Sutskever’s response to Dwarkesh in their interview was a convincing refutation of this argument for me:
Dwarkesh Patel
So you could argue that next-token prediction can only help us match human performance and maybe not surpass it? What would it take to surpass human performance?
Ilya Sutskever
I challenge the claim that next-token prediction cannot surpass human performance. On the surface, it looks like it cannot. It looks like if you just learn to imitate, to predict what people do, it means that you can only copy people. But here is a counter argument for why it might not be quite so. If your base neural net is smart enough, you just ask it — What would a person with great insight, wisdom, and capability do? Maybe such a person doesn’t exist, but there’s a pretty good chance that the neural net will be able to extrapolate how such a person would behave. Do you see what I mean?
Dwarkesh Patel
Yes, although where would it get that sort of insight about what that person would do? If not from…
Ilya Sutskever
From the data of regular people. Because if you think about it, what does it mean to predict the next token well enough? It’s actually a much deeper question than it seems. Predicting the next token well means that you understand the underlying reality that led to the creation of that token. It’s not statistics. Like it is statistics but what is statistics? In order to understand those statistics to compress them, you need to understand what is it about the world that creates this set of statistics? And so then you say — Well, I have all those people. What is it about people that creates their behaviors? Well they have thoughts and their feelings, and they have ideas, and they do things in certain ways. All of those could be deduced from next-token prediction. And I’d argue that this should make it possible, not indefinitely but to a pretty decent degree to say — Well, can you guess what you’d do if you took a person with this characteristic and that characteristic? Like such a person doesn’t exist but because you’re so good at predicting the next token, you should still be able to guess what that person who would do. This hypothetical, imaginary person with far greater mental ability than the rest of us
I respect Sutskever a lot, but if he believed that he could get an equivalent world model by spending an equivalent amount of compute learning from next-token prediction using any other set of real-world data samples, why would they go to such lengths to specifically obtain human-generated text for training? They might as well just do lots of random recordings (e.g., video, audio, radio signals) and pump it all into the model. In principle that could probably work, but it’s very inefficient.
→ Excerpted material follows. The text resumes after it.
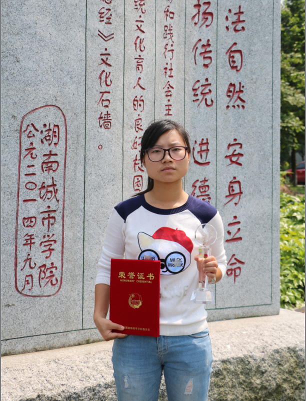 荣获2013-2014学年“三好学生”;荣获2013-2014学年“德智体美综合测评一等奖”;荣获2014年taptap点点城市管理学院“青春激扬、梦想起航”迎新晚会“优秀工作人员”;荣获2014年“社会主义核心价值观微视竞赛三等奖”;荣获2014-2015“优秀共青团员”;荣获2014-2015学年“三好学生”;荣获2014-2015学年“德智体美综合测评一等奖”;荣获2015年 taptap点点“第五届测绘技能大赛二等奖”;荣获2015年荣获“国家励志奖学金”;2015年申请入驻了大学生创新创业基地(龙诚造价工作室);2015年申请了大学生创新性研究项目主持人(PPP模式在湖南保障性住房的研究—以益阳为例)。

Human language is a very high density encoding of world models, so by training on human language models get much of their world model “for free“, because humanity has already done a lot of pre-work by sampling reality in a wide variety of ways and compressing it into the structure of language. However, our use of language still doesn’t capture all of reality exactly and I would argue it’s not even close. (Saying otherwise is equivalent to saying we’ve already discovered almost all possible capabilities, which would entail that AI actually has a hard cap at roughly human ability.)
In order to expand its world model beyond human ability, AI has to sample reality itself, which is much less sample-efficient than sampling human behavior, hence the “soft cap”.